### Problem requirements:
Reproduce verbatim the lines of the material below, starting at the line with "Papiers peints Fleurs" and ending at the line with "The gourmet island", both inclusive; skip the rest.

### Input material:
=-=-=-=-=

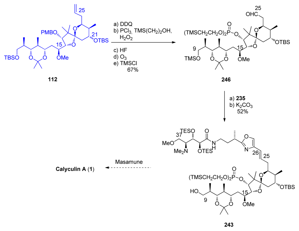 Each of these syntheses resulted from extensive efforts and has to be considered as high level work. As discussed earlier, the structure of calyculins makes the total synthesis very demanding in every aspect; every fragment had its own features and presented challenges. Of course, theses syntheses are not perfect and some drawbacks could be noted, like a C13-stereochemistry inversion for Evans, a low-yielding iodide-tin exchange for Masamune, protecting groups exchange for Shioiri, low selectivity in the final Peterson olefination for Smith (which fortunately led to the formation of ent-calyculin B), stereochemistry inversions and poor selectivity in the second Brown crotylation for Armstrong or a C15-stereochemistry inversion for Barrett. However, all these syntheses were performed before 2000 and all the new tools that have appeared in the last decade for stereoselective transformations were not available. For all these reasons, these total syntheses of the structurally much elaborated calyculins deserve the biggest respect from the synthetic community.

=-=-=-=-=

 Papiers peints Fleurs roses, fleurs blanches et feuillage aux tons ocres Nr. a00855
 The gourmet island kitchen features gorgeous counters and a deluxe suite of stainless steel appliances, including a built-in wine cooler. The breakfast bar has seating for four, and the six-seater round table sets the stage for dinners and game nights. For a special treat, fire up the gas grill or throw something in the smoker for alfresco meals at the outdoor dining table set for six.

=-=-=-=-=

### Task solution:
 Papiers peints Fleurs roses, fleurs blanches et feuillage aux tons ocres Nr. a00855
 The gourmet island kitchen features gorgeous counters and a deluxe suite of stainless steel appliances, including a built-in wine cooler. The breakfast bar has seating for four, and the six-seater round table sets the stage for dinners and game nights. For a special treat, fire up the gas grill or throw something in the smoker for alfresco meals at the outdoor dining table set for six.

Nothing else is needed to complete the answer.